Design. While discovery is still based on a traditional trial-and-error process – albeit one drastically accelerated by ML – the notion of a deliberate, de novo design of new compounds represents a different research paradigm. It addresses the problem that even rapid and efficient hyperscreening studies can only scratch the surface of the practically infinite molecular space. Instead, the design paradigm seeks to utilize insights into the SPRs obtained from ML for the targeted creation of systems with specific properties. The understanding of how changes in the molecular structure (or a compound’s features) lead to changes in the desired properties can be inverted to gain a property to structure mapping. The mathematical structure of a data-derived SPR prediction model (e.g., the dominant features, principal components, latent variables, or learned features) yields a foundation for inverse design.

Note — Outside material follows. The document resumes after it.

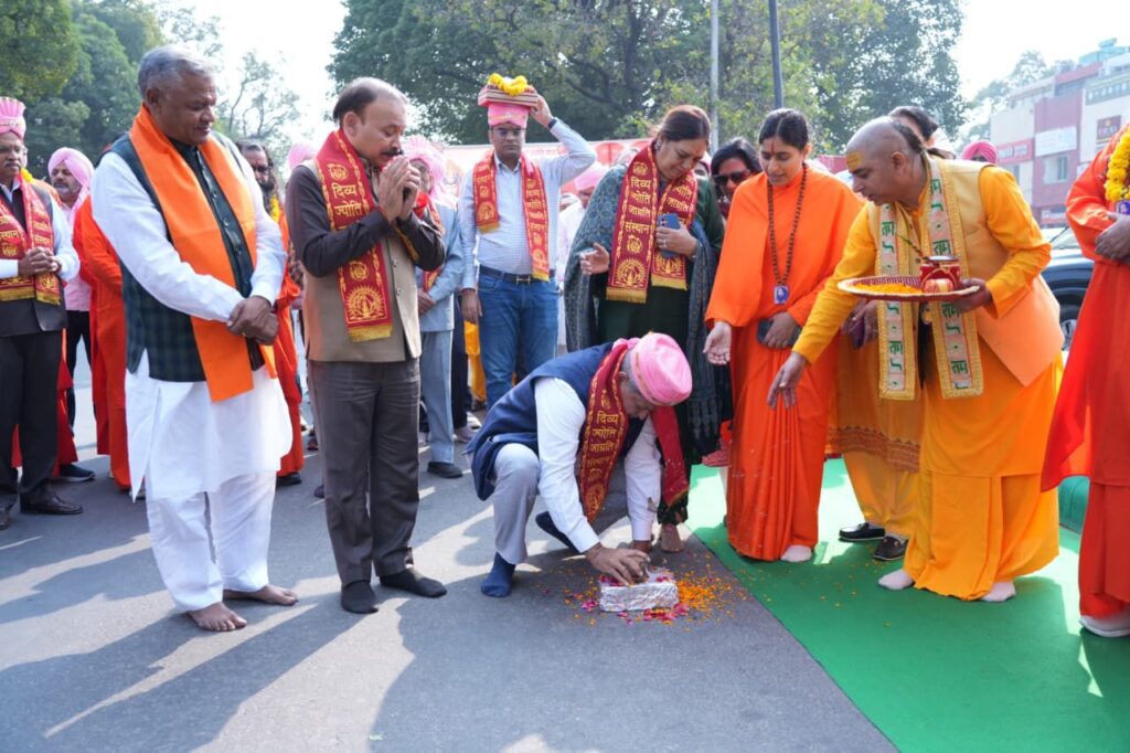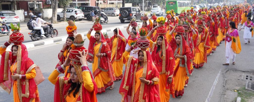 आम के पत्तों का कलश में स्थापित होना उसकी सतत हरियाली और फलप्रदता का द्योतक है, ठीक वैसे ही जैसे प्रभु कथा सदैव कल्याणकारी है और मानवता को मोक्षमार्ग का फल प्रदान करती है। स्वामी ने कहा कि श्री राम कथा आदर्श जीवन का मार्गदर्शन करती है और जीवन में सौंदर्य, शांति और दिव्यता का संचार करती है। यात्रा में 1100 सौभाग्यवती महिलाएँ, पीताम्बर परिधान धारण कर कलश सिर पर लिए, पूरे नगर में प्रभु श्री राम का संदेश प्रसारित करती रहीं। यात्रा के दौरान विभिन्न संस्थाओं एवं समितियों ने भव्य स्वागत किया। पूरे शहर का वातावरण भक्तिमय बन उठा और मार्ग राममय हो गया। यह मंगलमयी कलश यात्रा सेक्टर 30–20–21 के निर्धारित मार्गों से होते हुए अंततः सेक्टर 34 स्थित प्रदर्शनी ग्राउंड में पहुँचकर संपन्न हुई।
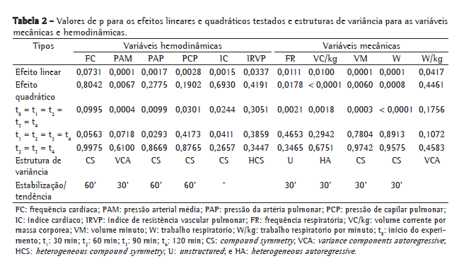 Os testes dos efeitos lineares e quadráticos nas variáveis hemodinâmicas revelaram-se presentes na PAM, que se estabilizou no t1. Na FC, PAP e PCP, apesar de não observarmos significância na análise dos efeitos lineares e quadráticos, houve uma forte aproximação dos valores obtidos entre os tempos t2, t3 e t4 (p = 0,9975, p = 0,8669 e p = 0,8765, respectivamente), o que sugere estabilização a partir de t2. Não observamos estabilização do IC e do IRVP. O valor p dos efeitos lineares e quadráticos e das comparações entre os tempos, os tipos de estrutura de variância e covariância encontrados e a estabilização ou tendência de cada uma das variáveis hemodinâmicas estudadas encontram-se na Tabela 2.

Models that are less easy to interpret can be projected onto surrogate models for which the extraction of guidelines is easier. A key challenge is to realize the simultaneous enhancement of different properties. The emerging design rules can be used to formulate individual compounds Sanchez-Lengeling and Aspuru-Guzik (2018), but also to identify high-value domains in chemical space, which can be enumerated in screening libraries (e.g., by sampling compounds similar to a lead compound). The latter approach is effectively interfacing the discovery and design perspectives and allows both physics-based and data-derived modeling studies to be more targeted.

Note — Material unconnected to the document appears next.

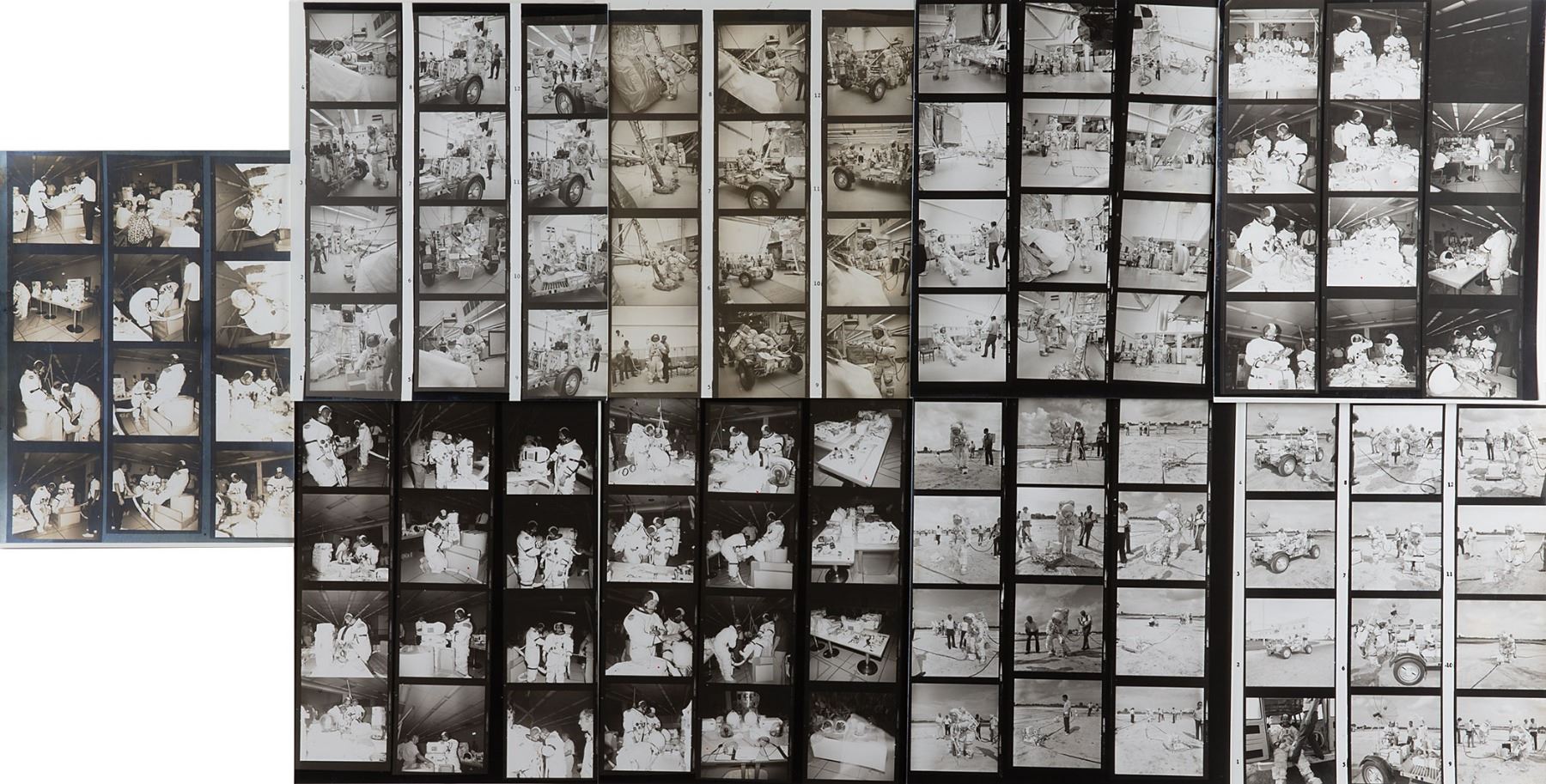 Group of nine official semi-glossy 8 x 10 NASA contact sheets, each featuring 12 different images, with one sheet focusing of the Apollo 17 lunar module crew and two of the Apollo 17 lunar module backup crew during training at the Kennedy Space Center. Two prime crew contact sheets focus on CDR Gene Cernan and LMP Harrison Schmitt during fit and function testing of the Extravehicular Mobility Unit space suit, and the third sheet shows images of the LM crew entirely geared up for EVA tests with the lunar rover vehicle. The backup contact sheets show CDR John Young and LMP Charlie Duke during fit and function testing of the Extravehicular Mobility Unit space suit as well as them geared up for outside EVA testing. Reverse of each contact sheet bears faded NASA caption text. In overall fine condition, with scattered light silvering.

Another approach that is very promising and has caused much excitement is the application of generative models (see Fig. 2). For instance, Sanchez-Lengeling *et al. * have shown that a generative adversarial network (GAN) in tandem with reinforcement learning can outperform evolutionary algorithms in order to bias the generative process toward the extreme regions of a property distribution Sanchez-Lengeling et al. (2017); Putin et al. (2018). The use of GANs for molecular design and library generation is very recent and a number of concerns and challenges still need to be overcome in their development. Two of the principal challenges of GANs (and other generative approaches) are the rate at which invalid (i.e., chemically irrelevant or non-sensical) structures are generated, and their ability to produce topologically different molecules compared to the underlying training data Kadurin et al. (2016); Popova et al. (2018). Another example of generative models are variational autoencoders (VAEs) that learn the distribution of embedded space and thus enables tuning in that space Gómez-Bombarelli et al. (2018). Recurrent neural networks (RNNs) operate in a sequential manner similar to creating new molecules one atom at a time. One benefit of RNNs is their memory mechanism that allows them to remember the effects of previous sequences Segler et al. (2018).

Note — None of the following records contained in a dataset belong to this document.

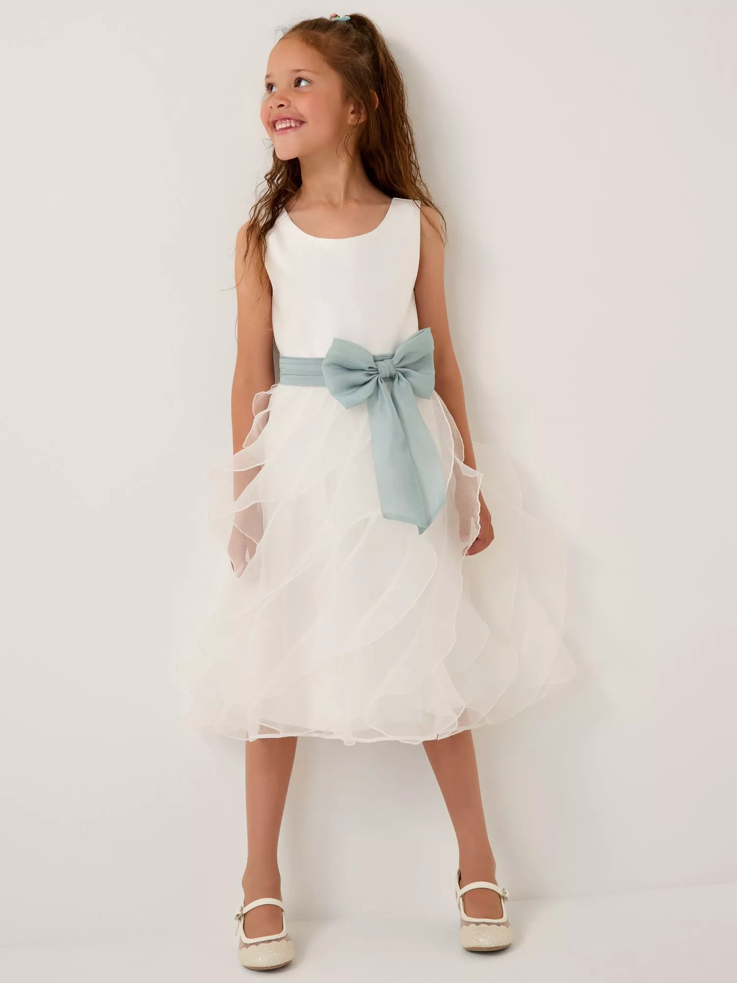 A real winner for special occasions, this Monsoon dress is designed with a sleeveless bodice, cascading ruffle skirt and big bow belt around the waist.
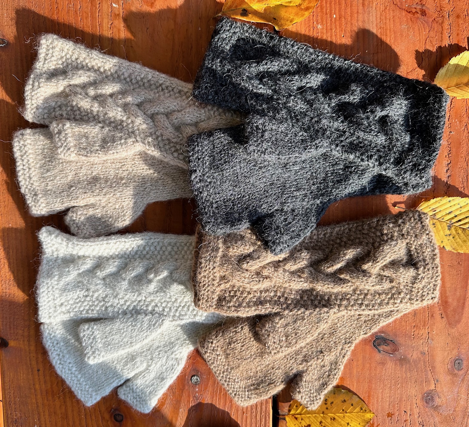 kuschelig weiche Pulswärmer mit Zopf auf der Vorderseite, handmade, 100% Babyalpaka, für Erwachsene onesize
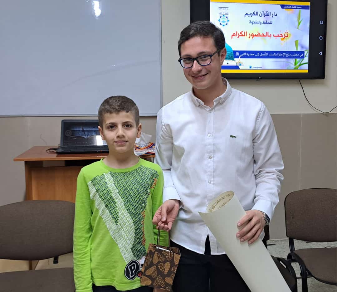 بعون الله تعالى وتوفيقه عُقد في دار القرآن مركز طرابلس مجلس ختم وتسليم للإجازة للطالب الشاب عبد الله الأشرفي. حيث أتمّ ختمة كاملة برواية حفص عن عاصم على فضيلة الشيخ الحافظ الجامع خالد يونس.
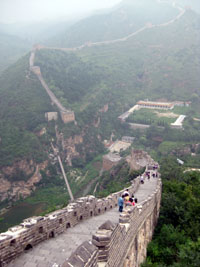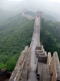 El caminar és feixuc: ara escales, ara rampa, ara cap amunt, ara per avall… A més, fa molta d’humitat. Cada vegada que ens apropàvem a les torres, una gernació de venedors ens oferia tota casta de begudes i souvenirs. Si no compres ràpidament, abaixen els preus. Primer férem una zona descendent, cap a l’encletxa d’un riu, que travessàrem per un pont penjant; després, una forta pujada. Així alternàvem zones de pujada i zones de baixada. La Murada s’adapta a l’orografia, seguint la carena muntanyosa. La conservació de la murada va per trams, ara bé, s’ha de dir que la van restaurant a poc a poc, bocí a bocí. A l’arribada a Jingshaling, trobàrem la zona més ben conservada, amb un tram d’especial bellesa. La Murada sembla que serpenteja, fent curiosos revolts. Baixàrem amb un altre telefèric i dinàrem de pa i taleca.
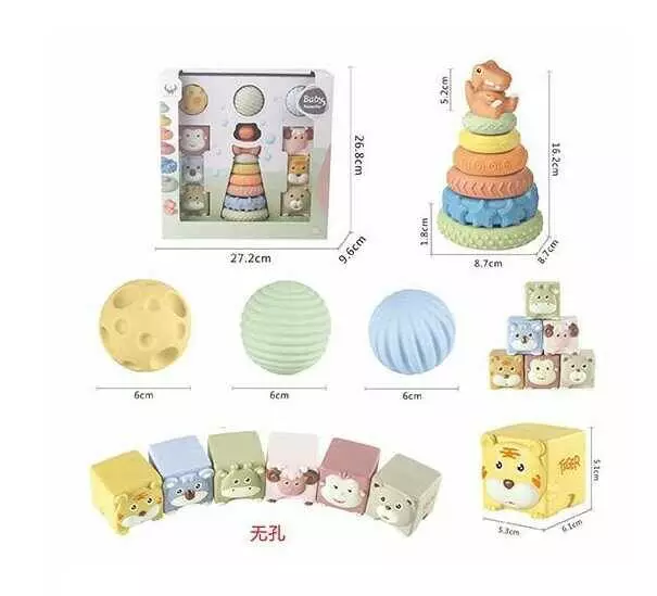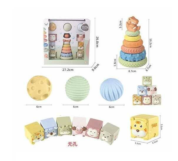 Логічний набір 628-138 (24/2) сенсорні кульки, кубики, пірамідка, гумові елементи, в коробці

II.2 Creation of New Modeling Techniques

Instead of replacing physics-based with data-derived modeling entirely as outlined in Sec. II.1, ML can also be used to (i) calibrate and correct the results of physics-based models to account for some of their systematic errors; (ii) complement traditional modeling and simulation approaches (i.e., employ combinations of physics-based and data-derived models); and (iii) facilitate the development of new physics-based modeling techniques.

The calibration approach allows us to improve the predictive performance of physics-based models and obtain high-quality results at the cost of lower-quality methods. It can also help bridge the gap between experiment and theory that results from the inherent approximations in the latter (see, e.g., Ref. Hachmann et al. (2014)). Transfer learning is an ML design methodology that has been a particularly successful technique in this context Goh et al. (2017); Sultan and Pande (2018). In the combination approach, we only utilize ML for aspects for which no good physics-based models are available or where their use is impractical (e.g., because of insufficient accuracy, prohibitive cost, or other numerical issues). We thus retain as much of the physical foundations and robustness of traditional modeling as possible, while being pragmatic about the parts of a problem, where that is not possible (see, e.g., Refs. Afzal et al. (2018); Ribeiro et al. (2018); Wei et al. (2018)).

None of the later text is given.